- Jason Sweeney c. 2003
- Born: Jason Keel Sweeney July 29, 1986 Fishtown, Philadelphia, Pennsylvania, U.S.
- Died: May 30, 2003 (age 16) Fishtown, Philadelphia, Pennsylvania, U.S.
- Cause of death: Murder
- Occupation(s): High school student, Construction worker
- Parent(s): Paul and Dawn Sweeney

= Murder of Jason Sweeney =

2003 murder in Pennsylvania, United States

Jason Keel Sweeney (July 29, 1986 – May 30, 2003) was a construction worker from Fishtown, Philadelphia, Pennsylvania, who at the age of 16 was murdered by four teenagers for his paycheck on May 30, 2003. The perpetrators included a girl he was dating and his best friend since childhood. Due to the manner in which Sweeney was murdered, the ages of the teens involved, and the seeming indifference of the perpetrators, the crime received national media coverage.

==Murder==
Jason Sweeney left school and was working for his father, a contractor, on a building project in Philadelphia. He recently met a girl he liked, 15-year-old Justina Morley, with whom he had a date on the evening of Friday, May 30, 2003. Unbeknownst to Sweeney, Morley engaged in sexual relations with two other 16-year-olds, Nicholas Coia and Edward Batzig Jr. Batzig was Sweeney's best friend since the fourth grade. Nicholas Coia and his 17-year-old brother, Domenic Coia, (Note: Coia’s given name has reported as both Domenic and Dominic. The Pennsylvania Department of Corrections as well as a civil lawsuit filed in a federal court identify him as Dominic, with the latter also identifying his father as Dominic Sr. Coia himself in his autobiography writes his name as Domenic ) were also friends with Sweeney, but the brothers later ended the friendship.

With the promise of sex, Morley lured Sweeney to "The Trails," a wooded area of Fishtown near the Delaware River, where Batzig and the Coia brothers were lying in wait. Batzig struck the first blow, hitting Sweeney in the head four or five times. Batzig and the Coia brothers then pummeled Sweeney, primarily on his head and face, with a hatchet, a hammer and a rock until he was dead. Batzig later told a detective how he hit Sweeney with the hatchet four or five times. Batzig said, "Jason started begging for his life, but we just kept hitting him." Batzig also said that Sweeney looked at him during the beating and said, “Please stop, I'm bleeding," after which Batzig hit Sweeney again with the axe. They finished by dropping a boulder on the right side of his head. Sweeney's head was crushed and the only bone left undamaged was his left cheekbone. He was identified by a cut on his hand that he sustained at his construction job.

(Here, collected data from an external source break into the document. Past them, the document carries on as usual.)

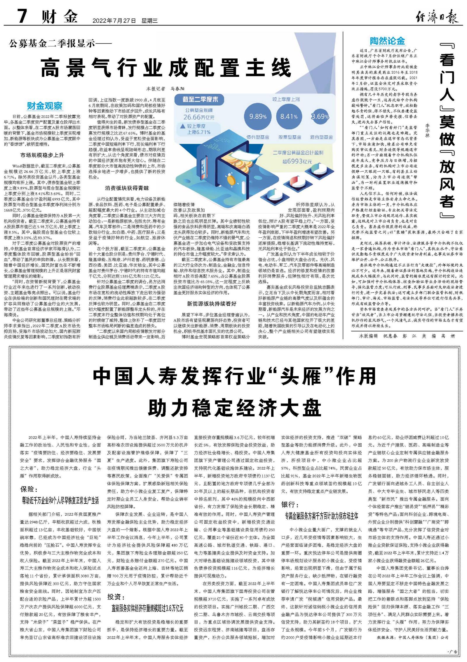 2022年上半年,中国人寿持续坚持金融工作的政治性、人民性和专业性,全面落实“疫情要防住、经济要稳住、发展要安全”要求,发挥综合金融优势服务“国之大者”,助力稳定经济大盘,行业“头雁”作用取得新成效。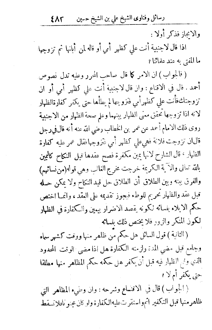 فالجواب: أنّ الأمر كما قال صاحب المحرّر وعليه تدلّ نصوص أحمد. قال في الإقناع: وإن قال لأجنبيّة أنتِ عليّ كظهر أمِّي أو إن تزوّجتك فأنت عليَّ كظهر أمِّي فتزوّجها لم يطأها حتّى يكفّر كفّارة الظّهار؛ لأنّه إذا تزوّجها تحقّق معنى الظّهار بينها وعلم صحّة الظّهار من الأجنبيّة. روى ذلك الإمام أحمد عن عمر بن الخطاب -رضي الله عنه- أنّه قال في رجلٍ قال: إن تزوّجت فلانة فهي علي كظهر أمِّي، فتزوّجها. فقال عمر: عليه كفّارة الظّهار. قال الشّارح: لأنّها يمين مكفِّرة فصحّ عقدها قبل النّكاح كاليمين بالله تعالى والآية الكريمة خرجت مخرج الغالب وهي قوله: {مِنْ نِسَائِهِمْ}، [الْمجادلة، من الآية: 2، و 3]. والفرق بينه وبين الطّلاق أنّ الطّلاق حلّ قيد النّكاح ولا يمكن حلّه قبل عقد والظّهار تحريم للوطء فيجوز تقديمه على العقد، وإنّما اختصّ حكم الإيلاء بنسائه لكونه يقصد الإضرار بيمين والكفّارة في الظّهار لكون المنكر والزّور فلا يختصّ ذلك بنسائه.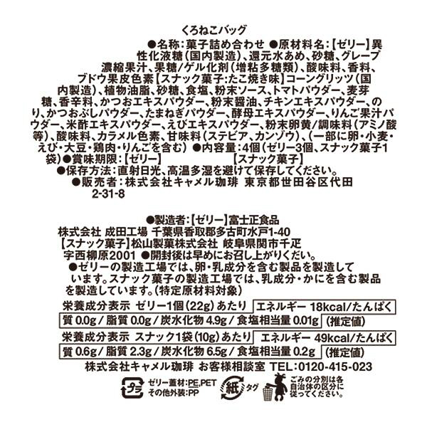 黒ネコモチーフのミニバッグ(約170×155×70mm・持ち手含まず)にスナック菓子とゼリーがセットになって価格は680円。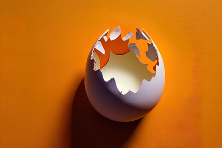 An artistic representation of a cracked egg with a striking purple design, perfect for themes of creativity and modern artistry in food and decoration.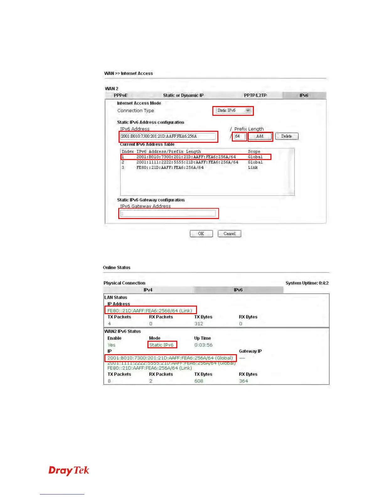 Choose Static IPv6. Type IPv6 address, Prefix Length and Gateway Address.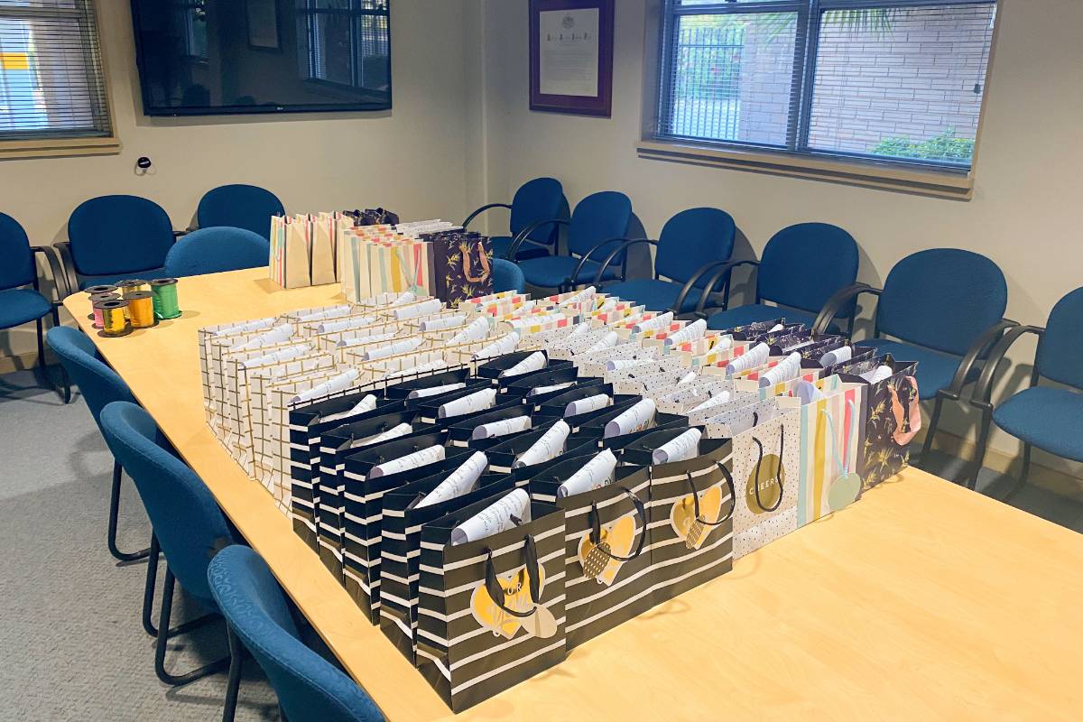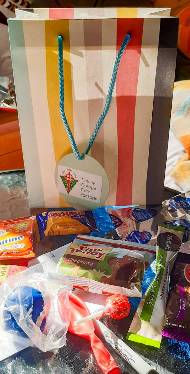 Delany staff rallied together to purchase goodies, organise the care packages and deliver them to students.
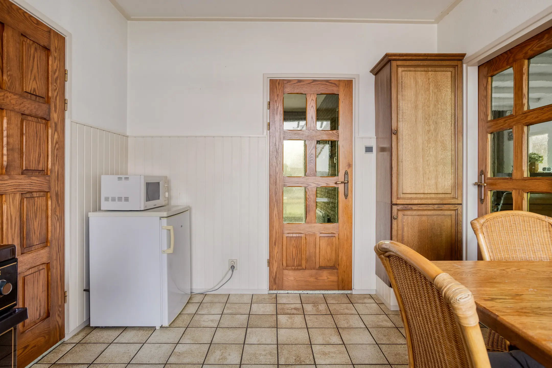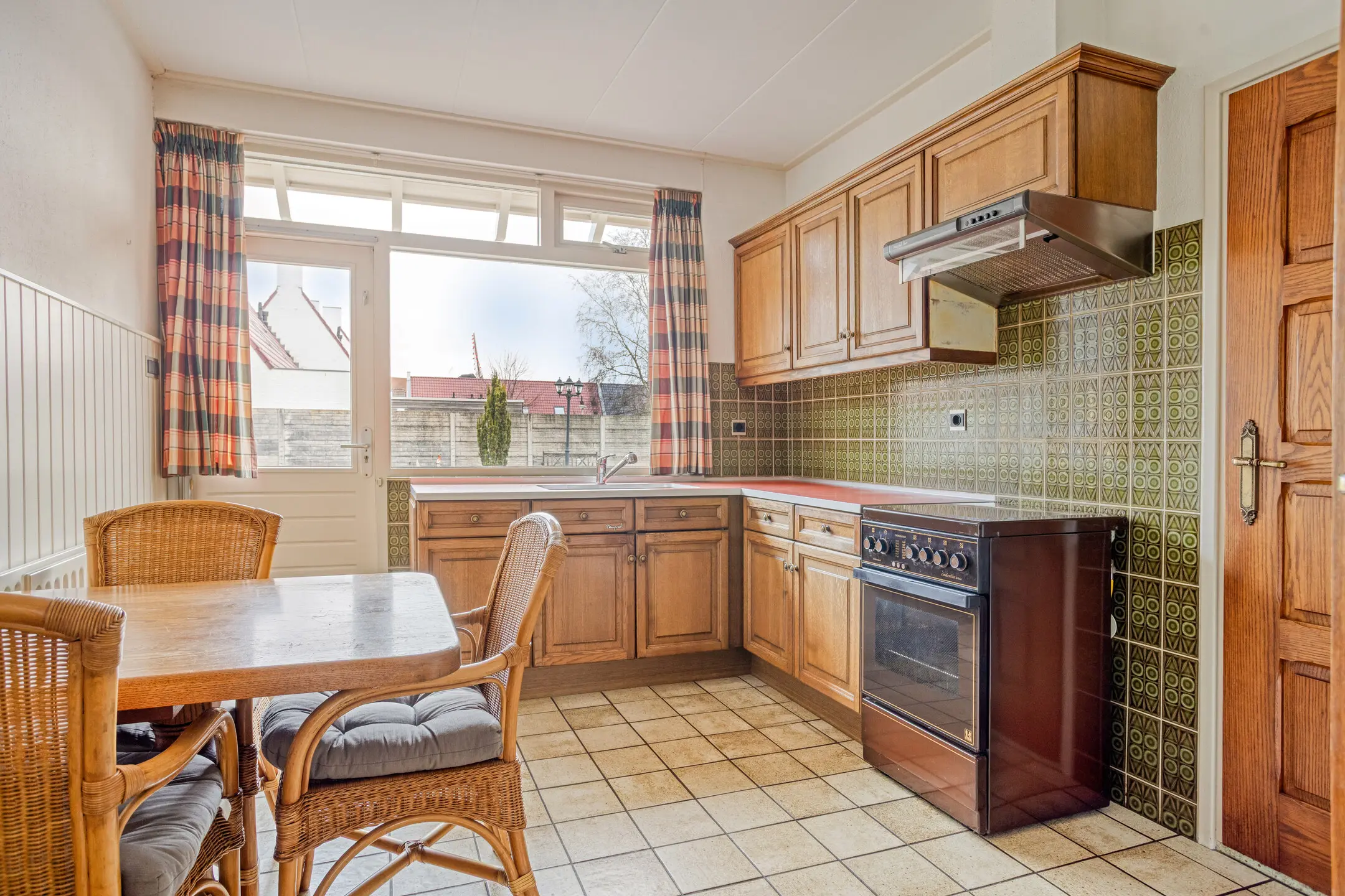 De huidige keuken is praktisch ingericht en voorzien van een losse oven met kookplaat, spoelbak, afzuigkap en diverse kasten en laden. Via de deur heb je bovendien direct toegang tot de tuin, wat het geheel extra prettig maakt en volop mogelijkheden biedt voor binnen- en buitenleven.

Following Sweeney's murder, the four assailants stole the $500 cash he earned from work. Before leaving the crime scene, the Coias, Batzig and Morley shared a group hug and split the money, which they used to buy jewelry and illegal drugs—heroin, marijuana, and Xanax—and then "partied beyond redemption," according to Domenic.

Domenic Coia confessed in a court hearing that they were all involved in the murder of Sweeney. The police said the murder was planned days before. Part of the preparation of the murder was listening to the Beatles song "Helter Skelter" over forty times, prompting later news coverage to draw a parallel to the Manson family murders. Joshua Staab, 18, a friend of Domenic Coia, said that the group bragged about their plan to kill Sweeney by using Justina Morley as "bait." Staab also said that Batzig knew that Sweeney would have his paycheck earnings on him on the day of the murder. The prosecutor asked Staab about the teens' demeanor after the killing. Staab said, "They seemed pretty fine. In a way, happy."

Although all four teens involved in the murder were drug addicts, they were not high before they murdered Sweeney. In response to a detective's question about whether they were high during the killing, Domenic Coia answered, "No, I was as sober as I am now. It is sick, isn't it?" A detective involved in the case and a forensic psychologist later opined that the killers' motivation went beyond robbery and stemmed from envy and resentment of Sweeney's relative success in life.

In his memoir, Domenic Coia gave a different account of the murder. Domenic claimed he panicked when Batzig actually hit Sweeney and only participated when he feared him and his brother getting caught. He also denies stating he was sober during the attack and states he later prevented them from killing Justina Morley as they feared she would testify. He also denies involvement in any plans for the murder before the day it happened.

==Justina Morley==

Justina Morley claimed that she started smoking marijuana at the age of 10, and shortly thereafter started taking prescription pills and snorting cocaine. April Frederick, Morley's mother, said her daughter started cutting her wrists at the age of 10. Morley was hospitalized for threatening suicide and self-mutilation in 2002. She was once admitted to Friends Hospital for cutting her wrists, knees and thighs, taking pills and displaying a suicide poem, which she penned on her door. Morley told her mother that she would commit suicide if her mother did not take her out of the hospital; her mother then took her out against the hospital's advice. Morley was expelled from public school in the eighth grade, which she then repeated at the private Holy Name of Jesus Catholic school in Fishtown.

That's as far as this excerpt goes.